→ **DATA RECORDS**
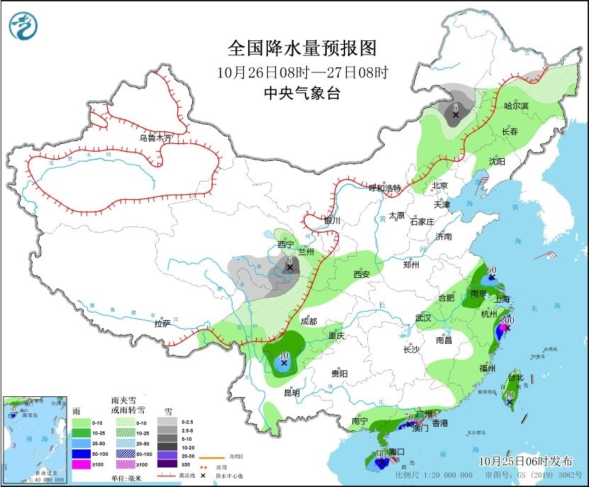 預(yù)計10月26日,江蘇中南部、安徽東南部、上海大部、浙江東部、廣東西南部沿海、海南島、臺灣島大部等地部分地區(qū)有中到大雨,其中,江蘇中部、浙江東部沿海、廣東西南部沿海、海南等地部分地區(qū)有暴雨或大暴雨。
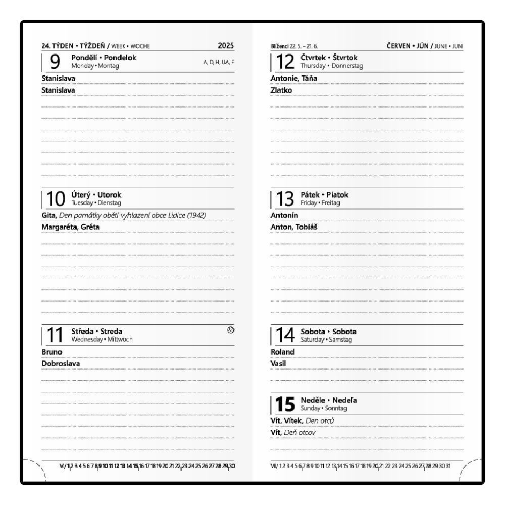 Kalendarz: tygodniowy nominalny czeski i słowacki
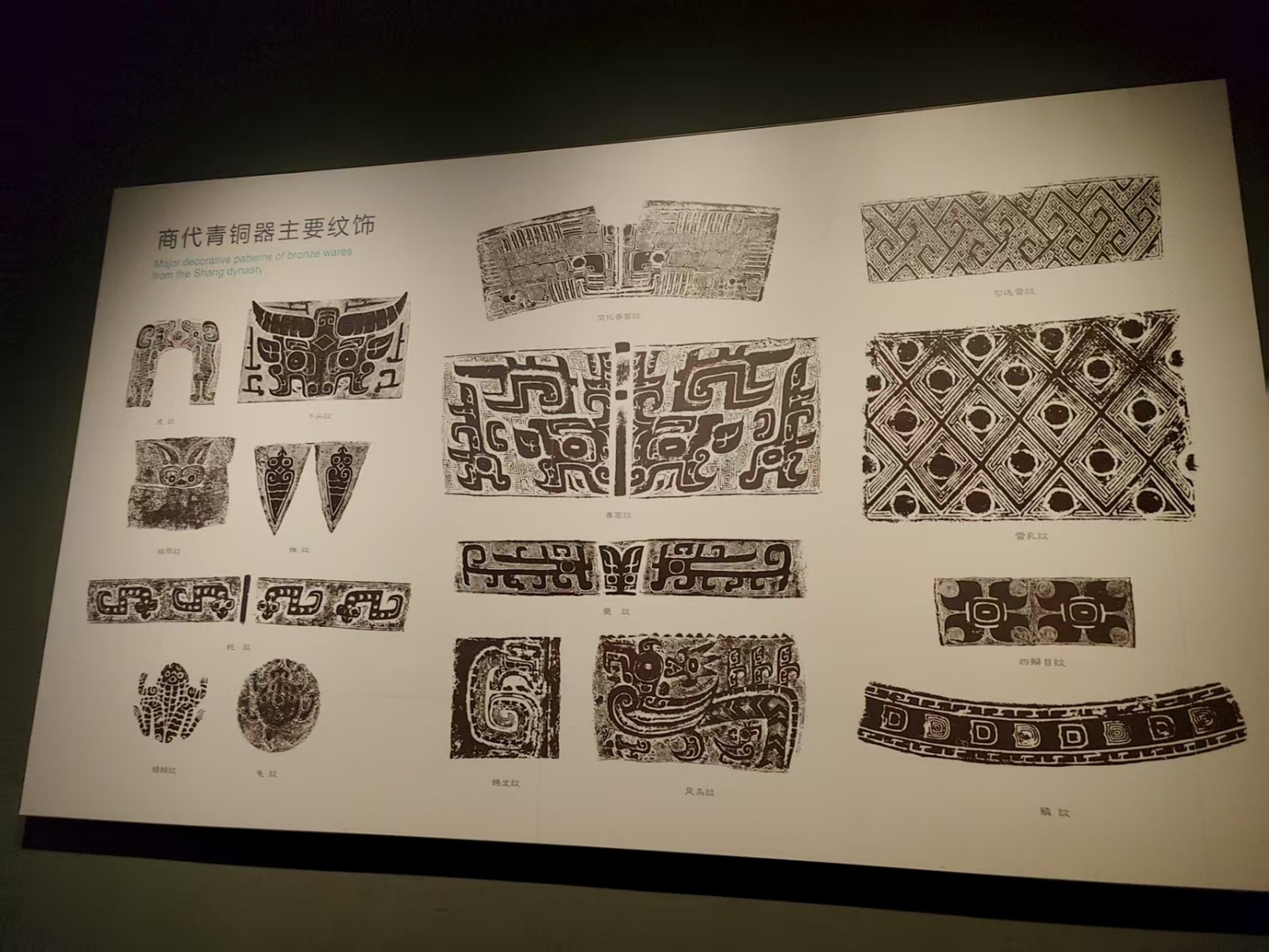 图一,拍摄于河南博物馆展厅4中原立国——夏商时期,图中为现代学者根据出土文物复现的商代青铜器主要纹饰
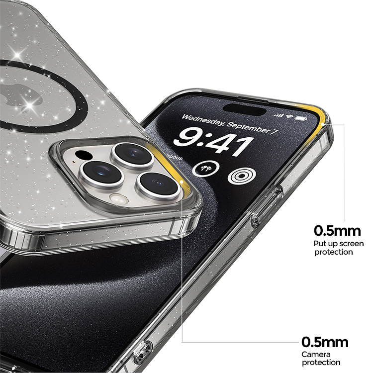 [Glitter Clear Design] Advanced anti-yellow material is used to keep the back of the case transparent for a long time. Enjoy the original beauty of your phone.
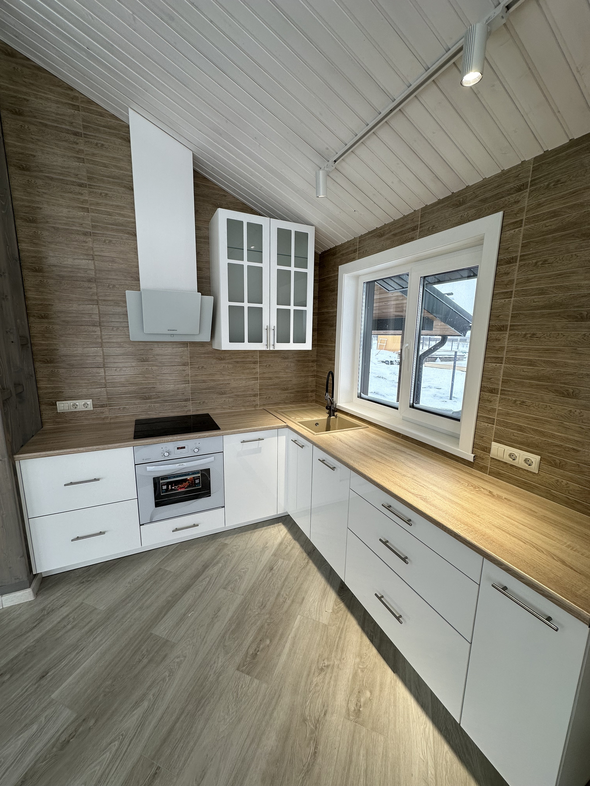 ✔️ Внутренние стены обшиты комбинированно: имитация, вагонка, армированный гипсокартон, плитка керамическая, плитка керамогранит.
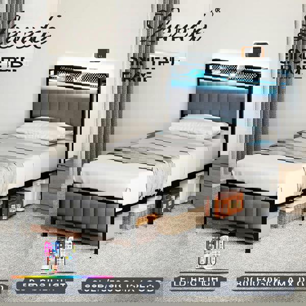 The Single LED bed frame with USB and Type-C charging ports makes it easy to power your devices overnight without messy cables. The padded headboard offers a comfortable backrest for reading gaming or streaming while the reinforced steel slats provide strong mattress support removing the need for a box spring. With generous under-bed storage clearance this upholstered LED Single bed frame with storage is ideal for keeping your room neat and clutter-free.
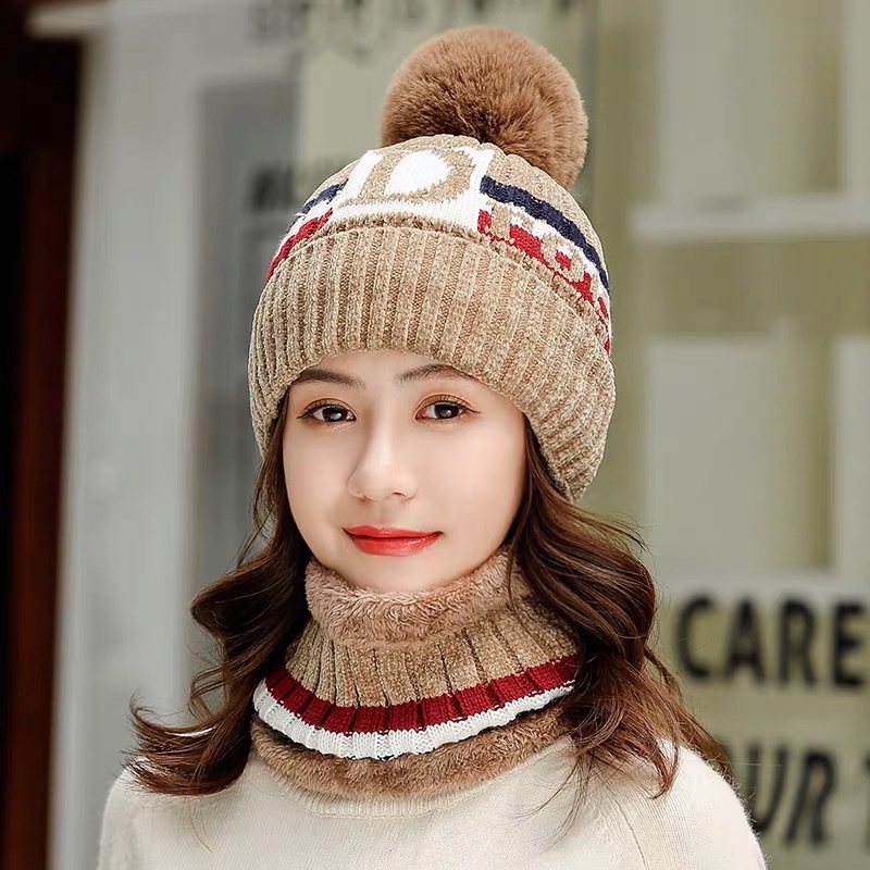 100% Cotton Fleece Winter Scarf Set Warm Knitted Sun Hat Outdoor Thickened Windproof Wool Hat with Wide Brim

→ **WHAT YOU NEED TO DO**
The output should be the lines from the one with "керамическая, плитка керамогранит." through the end of the material above, both ends included, printed exactly and nothing else. Drop the pictures.

→ **SOLUTION TO THIS EXERCISE**
 ✔️ Внутренние стены обшиты комбинированно: имитация, вагонка, армированный гипсокартон, плитка керамическая, плитка керамогранит.
 The Single LED bed frame with USB and Type-C charging ports makes it easy to power your devices overnight without messy cables. The padded headboard offers a comfortable backrest for reading gaming or streaming while the reinforced steel slats provide strong mattress support removing the need for a box spring. With generous under-bed storage clearance this upholstered LED Single bed frame with storage is ideal for keeping your room neat and clutter-free.
 100% Cotton Fleece Winter Scarf Set Warm Knitted Sun Hat Outdoor Thickened Windproof Wool Hat with Wide Brim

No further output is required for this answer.